E Dutto? In quanto a passione e cuore Nicola non è certamente secondo a nessuno, però non è bastato: la sua prima Dakar, la prima in assoluto anche per un pilota paraplegico, è finita amaramente dopo la quarta tappa per una assurda decisione della direzione di gara. Nicola ha spiegato al nostro inviato Batini come sono andate le cose, l’intervista è sul sito: alla Dakar, in caso di necessità, è possibile uscire dalla speciale con una forte penalizzazione, perdendo ogni ambizione di classifica ma restando in gara con l’obiettivo di concludere il rally. Invece il nostro pilota, che ha seguito alla lettera le indicazioni dei commissari (e nessuno lo ha smentito), al bivacco è stato estromesso per un evidente errore di procedura. Il gigantesco sforzo di Nicola, mesi di duro lavoro fisico e il grosso investimento finanziario condiviso con i suoi sponsor, è finito calpestato dal pressapochismo dei francesi. E il rammarico è grande, perché tutti gli appassionati seguivano con entusiasmo la gara di Nicola Dutto e dei suoi tre “angeli custodi motorizzati”; però, dico la verità, la vicenda mi ha sorpreso fino a un certo punto.

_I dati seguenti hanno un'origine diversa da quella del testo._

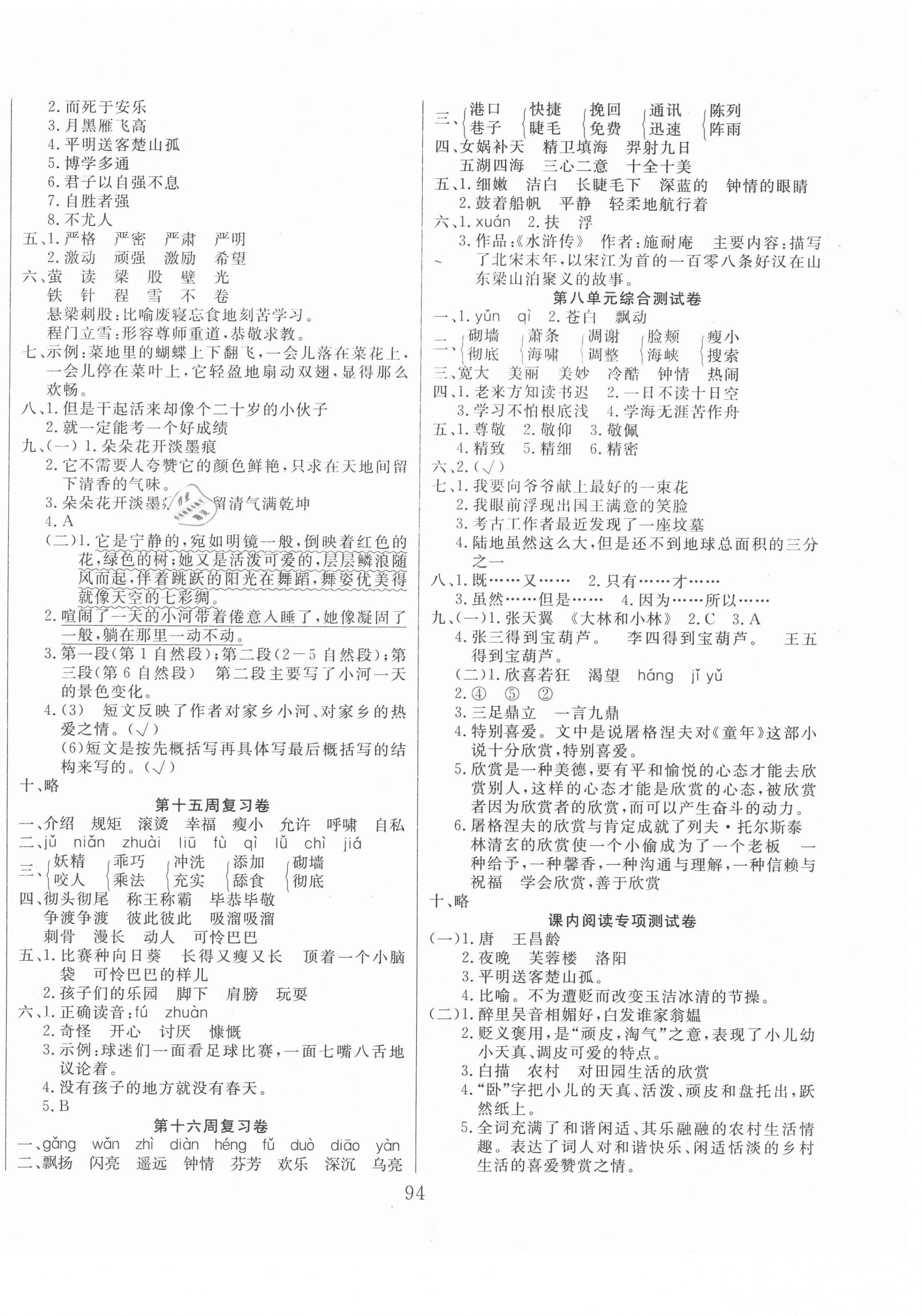 注:目前有些书本章节名称可能整理的还不是很完善,但都是按照顺序排列的,请同学们按照顺序仔细查找。练习册 2021年黄冈四清卷四年级语文下册人教版 答案主要是用来给同学们做完题方便对答案用的,请勿直接抄袭。

La direzione di gara alla Dakar è stata così fin dagli albori: approssimativa e tirannica. Thierry Sabine, il fondatore del Rally alla fine degli anni Settanta, sull’autorità assoluta giocava parecchio: era carismatico e tenace, bisogna riconoscerlo, e fu capace di mettere insieme una bella impresa; ma un po’ per necessità e un po’ per gusto personale aveva impostato le regole su un unico principio: qualsiasi cosa sia scritta sul regolamento, alla fine decido io. Probabilmente era giusto così, perché portare un migliaio di persone nel Sahara è una responsabilità enorme, e non puoi perdere tempo in discussioni. Certe volte bisogna prendere una decisione in pochi secondi, e una persona sola fa più in fretta, però si arrivava a situazioni assurde: piloti come il figlio della Thatcher “dimenticati” nel deserto per far parlare i giornali europei, controlli di passaggio spostati a bella posta per penalizzare questo o quello, equipaggi estromessi e poi riammessi senza spiegazioni, favoritismi palesi alle Case e ai piloti di Francia. Tutto “ad capocchiam”, e ogni protesta otteneva sempre la stessa risposta: “C’est le Dakar”. Questo è il rally della Dakar, prendere o lasciare.
Una volta noi giornalisti italiani aerotrasportati rischiammo la vita per un guasto sul velivolo: un agitatissimo meccanico smontava tutti i pannelli sul pavimento, poi disse che l’impianto idraulico era andato, carrello e flap “forse” avrebbero funzionato con il sistema meccanico, ma con tutte quelle tempeste di sabbia non si poteva sapere. Girammo sul deserto per svuotare il carburante, poi le catene rumorosamente si mossero e tutto andò bene, ma il pilota svedese della Baltic – non posso dimenticarlo - si sedette all’ombra sotto un’ala, bianco come un lenzuolo, e disse “mai rischiato così tanto!”. Ebbene, Saragoni ed io andammo in direzione gara a chiedere come minimo di cambiare aereo, e loro ci risero sul muso. “C’est le Dakar!”. Come dire, sei proprio un fesso se ancora non lo sai, qui va così.
Quell’atteggiamento sembra rimasto identico, antipatica eredità del Rally africano originale. Dispiace per Nicola Dutto, trattato come fosse uno scorretto qualsiasi e costretto a tornare a casa. Ma ve lo dicevo la scorsa settimana che questa è sempre stata una gara discutibile: purtroppo resta tale.